Thanks for the info!


----------



## lklawson (Dec 1, 2009)

> I'm new here, not sure of this was already posted


Welcome.  Haven't seen it posted before.



> but here is a cool doc on BKB that covers the career of legendary black bare knuckle boxer, Bill Richmond; his nemesis, Tom Cribb; and Richmond's protege, Tom Molineaux.


Cool.



> It's interesting to see how socially progressive boxing was.


Boxing wasn't any more socially progressive than any other sport. At the time of Richmond, it wasn't particularly notable. There were several black boxers, black wrestlers, etc (Owen Swift's "Hand-book to Boxing" lists several in the records section). Society in general was more "color blind" at that time then we give it credit for. Heck, the first slave owner in the South is reported to have been a black man. The real "social issues" came AFTER the Civil War, when there was a huge social push-back. This is when it became hard to cross the "color barrier."

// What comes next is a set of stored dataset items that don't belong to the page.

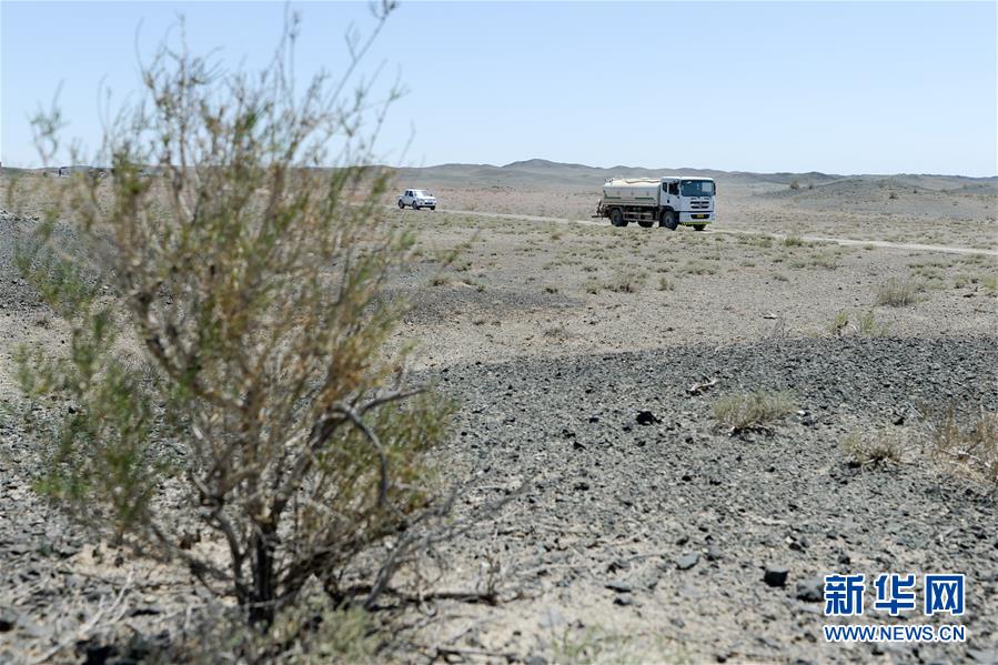 在新疆卡拉麥里山有蹄類野生動物自然保護(hù)區(qū),管護(hù)員為野生動物拉運飲水(6月3日攝)。新華社記者丁磊攝。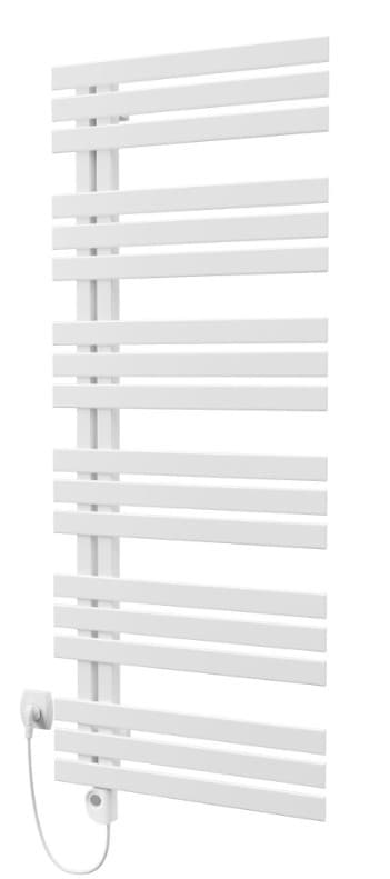 Dotaz na produkt Na splátky ještě dnesElektrický designový radiátor v bílé barvě s topnou tyčí MINI vlevo.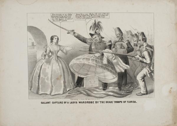 Cartoon concerning the enforcement of the Confiscation Act of 1861 depicting the absurd seizure of a Florida woman's wardrobe to "pay the expenses of the troops." A military officer, possibly Union General Winfield Scott, and his troops, bayonets and swords raised, collect the belligerent, Confederate belle's hoop skirt as they trample an American flag. The lady demands the return of her clothes or threatens to go to Union-occupied Fort Pickens (visible behind her) and "man one of the big guns, and blow [the men] to pieces."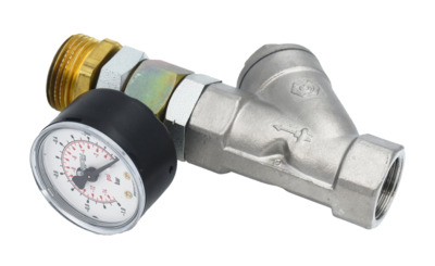 Crépine avec vacuomètre G1", le trou de la crépine est d'environ 0,5 mm. Montée du côté aspiration de la pompe.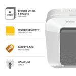 The essential shredder for any home, the LX25 cross-cut paper shredder shreds 6 sheets of A4 paper per pass into 4 x 37 mm cross-cut particles (security level P-4), so you can be sure that your confidential work documents have been disposed of securely. The paper shredders powerful cross-cut cutters will not only shred your documents but can shred staples, paper clips and credit cards too. Designed with safety in mind, the patented Safety Lock prevents your Fellowes cross-cut shredder from accidentally being activated. The LX25 paper shredder will shred continuously for up to 3 minutes before requiring a 30 minute cool down period. Fellowes shredders are built to last with solid steel cutters, a powerful motor and parts that are engineered to outperform our competitors.

By the early 20th Century it was just as difficult for blacks in Boxing as most anywhere else, maybe a tiny SMIDGEN less, but not much.

O'Brien, in his 1928 manual, bragged about how he was so accepting of blacks, perfectly willing to box them and how he didn't accept the segregation of boxers despite, by his own admission, being promoted as one of the "Great White Hope" boxers. Nevertheless, he publicly stated after one of his matches that he "wouldn't cross the Collored line" (that is, would refuse to box a black man) specifically referring to Jack Johnson.

Johnson himself had a law specifically massaged to be used against him for having the audacity to marry a White woman and, ims, has *STILL *never been Pardoned officially for the act despite petitions to every President for I don't know how long (including President Obama).



> If you haven't seen it, check it out, they talk about throws



Banned from Boxing! The forgotten grappling techniques of historic Pugilism




> & how serious damaged hands could be for an up & coming fighter. The pre-Queensbury rules remind me of Western San Shao without kicks.



Pre-MoQ boxers used various techniques to toughen their hands including striking implements similar to makiwara, deliberate alignment of knuckles (Article: Won't You Break Your Hand?), and even Jow-like preparations ("Ruby Bob" Robert Fitzsimmons details his favorite recipe in a special section of the Police Gazette's "Boxing").

Peace favor your sword,
Kirk


----------



## hugojkd (Dec 1, 2009)

lklawson said:


> Boxing wasn't any more socially progressive than any other sport. At the time of Richmond, it wasn't particularly notable. There were several black boxers, black wrestlers, etc (Owen Swift's "Hand-book to Boxing" lists several in the records section). Society in general was more "color blind" at that time then we give it credit for. Heck, the first slave owner in the South is reported to have been a black man. The real "social issues" came AFTER the Civil War, when there was a huge social push-back. This is when it became hard to cross the "color barrier."
> 
> By the early 20th Century it was just as difficult for blacks in Boxing as most anywhere else, maybe a tiny SMIDGEN less, but not much.
> 
> ...



Never knew that blacks were accepted in other sports before the civil war.

Thank you for posting hear & clearing that up, I appreciate your work & everything you do for the BKB community.

Hugo


----------